How do very young kids learn? By stages. It’s important not to commingle industrial robots, numeric control robots, with intelligent robots. Knowledge is assimilated in stages.

Knives? Careful, don’t cut yourself!
Electric sockets? Careful, don’t electrocute yourself!

The good thing about AI is that what one ‘robot’ learns teaches all robots via over-the-air software updates. Don’t ask me for details but surely the smart folks at Tesla are finding out. The robots are humanoid in more ways than one. Conceptualizing humanoid robots after industrial robots is a big mistake.

The Captain

2 Likes

Yeah…and that type of unbelievable advancement in AI would be something to behold.
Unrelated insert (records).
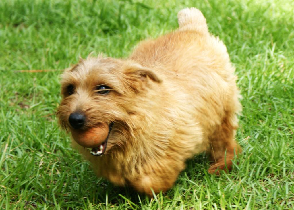 Передние лапы прямые и короткие, задние – более мускулистые. Конечности имеют округлую форму. Шерсть прямая, на ощупь жесткая. На шее и плечах она более длинная и грубая, на голове и ушах – короткая и гладкая. При описании цвета шерсти используется упоминание таких оттенков, как рыжий, палевый, чепрачный, серый. В редких случаях у норфолк-терьеров бывают белые пятна.
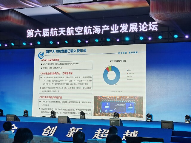 他介绍,支线飞机ARJ21已交付超百架,订单达775架。坐席为150个、航程5000公里的C919,已于2022年获得CAAC颁发的型号合格证,目前累计交付2架,并于2023年5月完成商业首航,已获得来自中国大陆、中国香港、爱尔兰、新加坡等国家和地区航空公司的订单超千架。
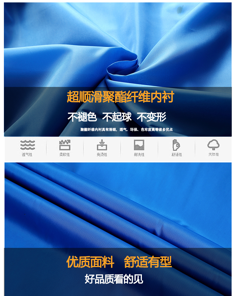 采用超順滑聚酯纖維內(nèi)襯,不起球,不褪色,不變形。防靜電內(nèi)襯,為冬天起到更實用的穿著

But AIUI, that’s not what current technology - including Tesla’s current technology - can do. These machines don’t “learn” or “think” the same way that young kids do. We use those terms as anthropomorphizing metaphors to describe the process of developing pattern-recognition algorithms when trained on massive datasets, not because they actually describe what the AI “black box” is doing. Even the most cutting-edge AI’s today can’t generalize or reason.

So, no, the robots aren’t humanoid in more ways than one. Even the state of the art AI isn’t humanoid yet. Tesla’s robots are only humanoid in form factor.

One other point:

I’m pretty sure this is false - or at least inconsistent with how AI programs are developed and applied. Your Tesla car doesn’t “learn” anything when it encounters new data - the software it runs downloaded from Tesla, and it just runs it. The software is developed on Tesla’s supercomputers - those supercomputers (now Dojo) are the AI machine that “learns” (metaphorically) based on the training data it is provided.

The robot, like your car, isn’t going to have a supercomputer in it - not for $20K, certainly. The robot can’t “learn,” at least not any differently than a “control by numbers” robot can today. It can (at best) upload its observations OTA to another machine that has enough supercomputing power to be trained on the data.